Контрмеры, которые продумывались правительством (среди них было и трудновыполнимое предложение выслать всех «социалистов» на Сахалин, блокировать остров военными кораблями, а высшие учебные заведения перевести в захолустные окраины, изолировав студенчество от народа), все равно ничего бы не дали. Общество было напугано, ожидало беспорядков, пожаров, взрывов; люди со средствами спешно уезжали за границу, зарывая в подвалах домов ценные вещи. Дворники, безотлучно стоявшие на своих местах, говорили, что нечто висит в воздухе и ожидается...
Неделю спустя после взрыва в Зимнем дворце указом Александра II была учреждена Верховная распорядительная комиссия по охране государственного порядка и общественного спокойствия, начальником которой назначался граф М. Т. Лорис-Меликов, наделенный полномочиями «принимать вообще все меры», то есть «ловить и карать революционеров». «Да знает ли он, отчего все это происходит, твердо ли знает он причины?» — волновался Достоевский, читая воззвание графа
«К жителям столицы». Еще через неделю 25-летний террорист-одиночка, письмоводитель из города Слуцка Минской губернии, крещеный еврей И. О. Млодецкий, находившийся под надзором полиции, выстрелил в Лорис-Меликова средь бела дня, на углу Большой Морской и Почтамтской улиц, когда тот подъезжал в экипаже к парадному входу своего дома. У подъезда стояли двое часовых, экипаж конвоировали двое верховых казаков, вблизи дежурили городовые; а на глазах у них грязный оборвыш подскочил с правой стороны к графу и, уперев револьвер в его правый бок, ближе к бедру, выстрелил и тотчас выронил оружие. Граф уцелел (пуля лишь разорвала шинель и мундир), преступника схватили, избили, судили и через день повесили.
Достоевский, свалившийся в падучей в день покушения (еще не зная о нем), едва пришел в себя, когда его посетил издатель «Нового времени» А. С. Суворин. Состоялся, как записал в дневнике Суворин, разговор о взрывах, политических преступлениях и странном отношении к ним общества. Ф. М. нарисовал гостю жуткую картину — они стоят вдвоем у окон художественного магазина Дациаро на углу Невского проспекта и Адмиралтейской площади, разглядывают литографии в витрине и слышат, как к стоящему рядом незнакомцу подходит другой и говорит: «Сейчас Зимний дворец будет взорван. Я завел машину». Как быть? Идти во дворец предупреждать о взрыве? Обратиться в полицию, позвать городового?

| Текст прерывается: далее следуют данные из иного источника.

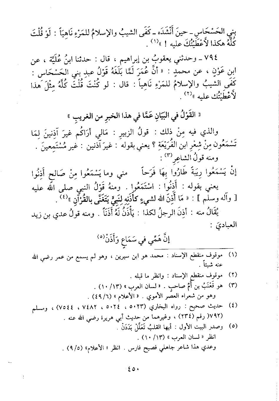 794 - وحَدثني يَعْقُوب بن إِبْرَاهِيم، قَالَ: حَدثنَا ابْن علية، عَن ابْن عون، عَن مُحَمَّد: " أَن عمر لما بلغه قَول عبد بني الحسحاس: كفى الشيب وَالْإِسْلَام للمرء ناهيا: قَالَ: لَو كنت قلت كُله مثل هَذَا لأعطيتك عَلَيْهِ ".
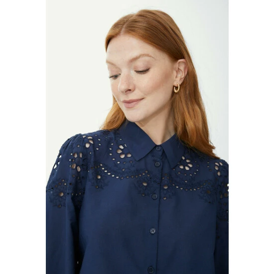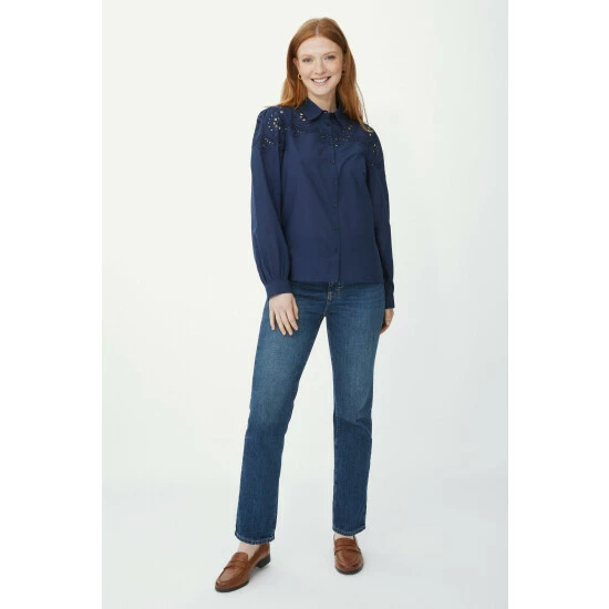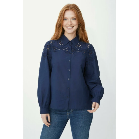 Broderie shirt from Maine. A spin on the classic white shirt. Featuring a stunning broderie detail across the shoulders and arms, placket buttons and cuffed sleeves. This style is ideal for the Spring/Summer season, just add capri pants and a light-knit cardi.

«Вы пошли бы?» — спросил Достоевский Суворина. «Нет, не пошел бы...» — «И я бы не пошел. Почему? Ведь это ужас. Это преступление. Мы, может быть, могли бы предупредить. Я вот об этом думал до вашего прихода, набивая папиросы. Я перебрал все причины, которые заставляли бы меня это сделать. Причины основательные, солидные, и затем обдумал причины, которые не позволяли бы мне это сделать. Эти причины — прямо ничтожные. Просто боязнь прослыть доносчиком... Напечатают: Достоевский указал преступников... Мне бы либералы не простили. Они измучили бы меня, довели бы до отчаяния. Разве это нормально? У нас все ненормально, оттого все это происходит, и никто не знает, как поступить не только в самых трудных обстоятельствах, но и в самых простых»68. Меж тем именно на поддержку общества как на главную силу смотрел Лорис-Меликов, убежденный, что его «диктатура сердца» встретит поддержку всех честных людей, преданных государю и искренно любящих свою родину. «Лорис-Меликов — это последняя карта нашего правительства, если и это не удастся, то дело сойдется клином», — записал 15 февраля в своем дневнике генерал Киреев.